**TASK INSTRUCTIONS:** Transcribe only part of the material below: the lines from the one containing "마침 카나리도 안보이니" through the one containing "Слайд 2Наше здоровье", inclusive, exactly as written.
**** SUPPLIED DATA
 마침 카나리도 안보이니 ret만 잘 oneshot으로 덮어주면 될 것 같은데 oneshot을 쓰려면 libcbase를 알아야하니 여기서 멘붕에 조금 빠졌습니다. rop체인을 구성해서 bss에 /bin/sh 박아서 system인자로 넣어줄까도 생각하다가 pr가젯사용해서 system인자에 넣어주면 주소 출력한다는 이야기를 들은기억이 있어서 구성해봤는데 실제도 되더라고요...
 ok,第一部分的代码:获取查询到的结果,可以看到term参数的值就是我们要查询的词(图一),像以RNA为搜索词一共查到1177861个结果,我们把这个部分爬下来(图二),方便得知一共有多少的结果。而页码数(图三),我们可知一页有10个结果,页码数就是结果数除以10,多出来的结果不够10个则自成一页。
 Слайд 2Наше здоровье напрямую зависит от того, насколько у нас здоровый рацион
********
**** SUPPLIED DATA
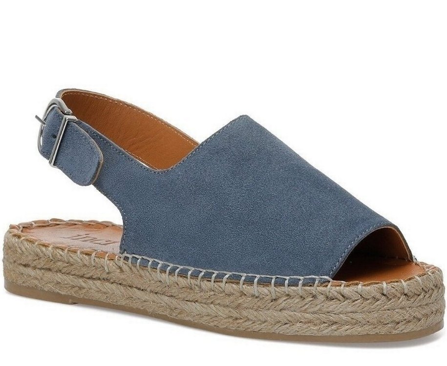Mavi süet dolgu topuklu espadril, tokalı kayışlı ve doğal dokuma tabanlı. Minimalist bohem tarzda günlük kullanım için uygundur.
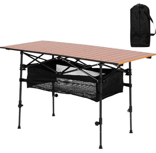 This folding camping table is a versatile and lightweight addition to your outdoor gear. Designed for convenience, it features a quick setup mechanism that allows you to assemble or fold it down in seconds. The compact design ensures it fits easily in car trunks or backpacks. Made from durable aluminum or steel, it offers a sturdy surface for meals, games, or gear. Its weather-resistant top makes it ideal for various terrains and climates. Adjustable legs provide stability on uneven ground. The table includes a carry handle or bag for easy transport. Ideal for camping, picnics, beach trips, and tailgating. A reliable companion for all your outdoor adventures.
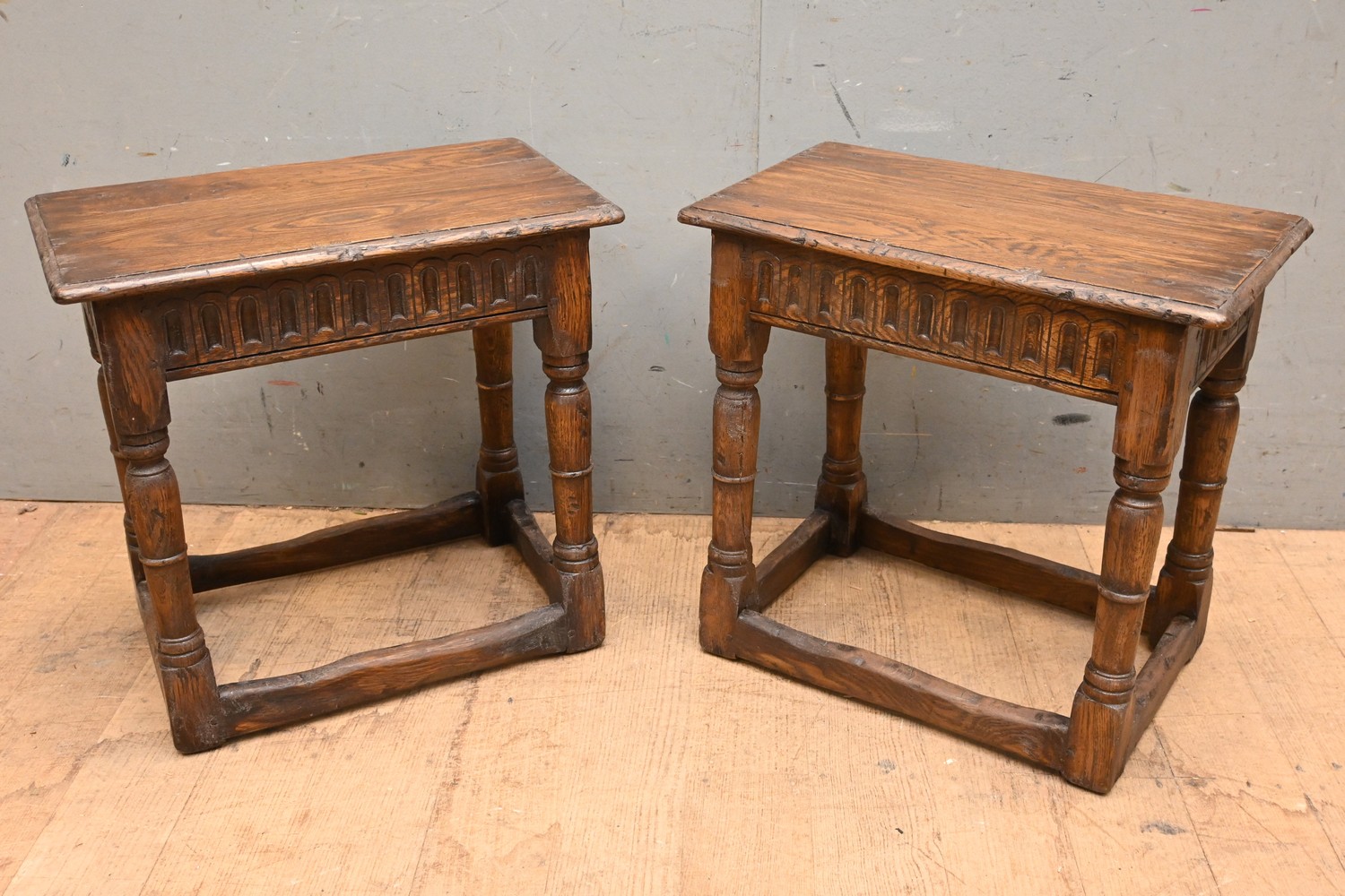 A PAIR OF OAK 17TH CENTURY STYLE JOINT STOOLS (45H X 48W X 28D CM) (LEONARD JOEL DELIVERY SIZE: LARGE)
********
**THE ANSWER:**
 마침 카나리도 안보이니 ret만 잘 oneshot으로 덮어주면 될 것 같은데 oneshot을 쓰려면 libcbase를 알아야하니 여기서 멘붕에 조금 빠졌습니다. rop체인을 구성해서 bss에 /bin/sh 박아서 system인자로 넣어줄까도 생각하다가 pr가젯사용해서 system인자에 넣어주면 주소 출력한다는 이야기를 들은기억이 있어서 구성해봤는데 실제도 되더라고요...
 ok,第一部分的代码:获取查询到的结果,可以看到term参数的值就是我们要查询的词(图一),像以RNA为搜索词一共查到1177861个结果,我们把这个部分爬下来(图二),方便得知一共有多少的结果。而页码数(图三),我们可知一页有10个结果,页码数就是结果数除以10,多出来的结果不够10个则自成一页。
 Слайд 2Наше здоровье напрямую зависит от того, насколько у нас здоровый рацион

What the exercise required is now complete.